[WORK REQUEST] Reply with one number: the count of lines in the data that hold the string "Design".

· · · · · · ·

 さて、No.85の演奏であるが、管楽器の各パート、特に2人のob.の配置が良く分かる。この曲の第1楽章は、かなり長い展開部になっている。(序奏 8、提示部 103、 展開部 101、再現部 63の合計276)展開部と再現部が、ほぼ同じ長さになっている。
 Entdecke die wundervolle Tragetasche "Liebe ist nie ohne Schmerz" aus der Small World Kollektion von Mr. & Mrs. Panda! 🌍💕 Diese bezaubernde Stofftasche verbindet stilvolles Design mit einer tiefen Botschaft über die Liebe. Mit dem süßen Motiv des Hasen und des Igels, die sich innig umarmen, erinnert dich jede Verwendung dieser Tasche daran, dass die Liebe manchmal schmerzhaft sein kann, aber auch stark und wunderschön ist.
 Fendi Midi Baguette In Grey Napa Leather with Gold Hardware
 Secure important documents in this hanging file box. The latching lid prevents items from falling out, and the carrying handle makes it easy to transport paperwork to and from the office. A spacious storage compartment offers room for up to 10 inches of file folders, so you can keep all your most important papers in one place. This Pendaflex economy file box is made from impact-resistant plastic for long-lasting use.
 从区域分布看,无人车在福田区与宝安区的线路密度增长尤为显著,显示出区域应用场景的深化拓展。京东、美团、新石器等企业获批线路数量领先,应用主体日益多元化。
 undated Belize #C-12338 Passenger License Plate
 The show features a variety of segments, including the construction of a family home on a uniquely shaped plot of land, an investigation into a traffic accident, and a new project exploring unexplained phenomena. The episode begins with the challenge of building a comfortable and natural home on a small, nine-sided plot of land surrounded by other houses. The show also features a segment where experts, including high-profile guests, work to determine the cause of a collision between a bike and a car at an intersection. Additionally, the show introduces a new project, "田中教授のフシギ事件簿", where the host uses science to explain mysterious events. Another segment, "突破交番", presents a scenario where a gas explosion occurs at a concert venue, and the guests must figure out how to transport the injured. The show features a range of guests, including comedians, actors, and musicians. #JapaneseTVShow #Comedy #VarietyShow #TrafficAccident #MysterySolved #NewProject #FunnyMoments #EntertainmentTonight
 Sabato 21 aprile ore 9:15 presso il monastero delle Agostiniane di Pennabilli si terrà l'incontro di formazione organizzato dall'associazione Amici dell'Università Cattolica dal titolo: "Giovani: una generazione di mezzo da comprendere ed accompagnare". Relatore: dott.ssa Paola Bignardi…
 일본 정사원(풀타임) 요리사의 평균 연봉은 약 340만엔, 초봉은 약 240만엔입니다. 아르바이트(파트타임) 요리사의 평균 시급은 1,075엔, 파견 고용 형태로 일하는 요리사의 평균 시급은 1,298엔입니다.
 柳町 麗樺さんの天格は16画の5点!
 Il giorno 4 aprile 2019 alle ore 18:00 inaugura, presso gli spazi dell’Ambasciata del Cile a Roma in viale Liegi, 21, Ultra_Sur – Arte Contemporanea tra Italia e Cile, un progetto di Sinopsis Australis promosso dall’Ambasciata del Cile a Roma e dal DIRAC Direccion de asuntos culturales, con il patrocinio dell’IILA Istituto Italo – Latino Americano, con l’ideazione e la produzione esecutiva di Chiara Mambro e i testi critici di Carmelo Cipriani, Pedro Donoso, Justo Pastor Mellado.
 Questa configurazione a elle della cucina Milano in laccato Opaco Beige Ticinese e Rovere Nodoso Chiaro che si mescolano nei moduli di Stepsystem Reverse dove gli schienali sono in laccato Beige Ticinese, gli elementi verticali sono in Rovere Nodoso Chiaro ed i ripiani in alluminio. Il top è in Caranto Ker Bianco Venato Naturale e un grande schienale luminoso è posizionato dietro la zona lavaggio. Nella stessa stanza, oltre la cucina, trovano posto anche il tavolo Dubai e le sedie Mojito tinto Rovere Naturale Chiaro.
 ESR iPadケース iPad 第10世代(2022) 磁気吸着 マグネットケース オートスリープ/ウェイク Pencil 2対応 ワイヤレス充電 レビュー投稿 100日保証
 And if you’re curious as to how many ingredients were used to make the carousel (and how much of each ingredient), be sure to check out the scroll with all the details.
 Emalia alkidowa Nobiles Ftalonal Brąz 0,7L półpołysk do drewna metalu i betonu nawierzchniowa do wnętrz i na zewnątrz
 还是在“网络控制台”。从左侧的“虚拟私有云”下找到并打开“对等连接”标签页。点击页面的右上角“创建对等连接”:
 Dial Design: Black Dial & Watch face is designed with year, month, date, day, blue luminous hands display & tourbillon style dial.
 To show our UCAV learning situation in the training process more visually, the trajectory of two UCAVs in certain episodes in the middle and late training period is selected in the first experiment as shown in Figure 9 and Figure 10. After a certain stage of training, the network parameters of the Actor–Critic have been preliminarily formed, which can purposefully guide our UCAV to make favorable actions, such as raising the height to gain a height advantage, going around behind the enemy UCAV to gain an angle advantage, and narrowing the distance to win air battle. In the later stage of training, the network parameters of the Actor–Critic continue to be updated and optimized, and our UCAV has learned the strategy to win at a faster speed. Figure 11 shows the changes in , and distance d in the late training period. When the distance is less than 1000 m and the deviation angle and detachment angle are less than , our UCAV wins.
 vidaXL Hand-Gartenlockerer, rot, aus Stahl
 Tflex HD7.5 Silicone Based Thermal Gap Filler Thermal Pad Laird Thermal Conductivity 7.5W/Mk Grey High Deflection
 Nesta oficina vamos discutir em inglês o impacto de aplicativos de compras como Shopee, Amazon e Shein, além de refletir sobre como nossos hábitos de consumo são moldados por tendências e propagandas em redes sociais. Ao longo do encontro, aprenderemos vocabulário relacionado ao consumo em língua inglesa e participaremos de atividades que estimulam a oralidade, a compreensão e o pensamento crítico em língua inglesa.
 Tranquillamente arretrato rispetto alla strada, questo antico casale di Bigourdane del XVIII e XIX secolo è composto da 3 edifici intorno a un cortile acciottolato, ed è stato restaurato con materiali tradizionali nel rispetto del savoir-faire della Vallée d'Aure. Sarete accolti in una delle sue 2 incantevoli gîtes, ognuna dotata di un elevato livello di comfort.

· · · · · · ·

[SOLVED EXERCISE] 2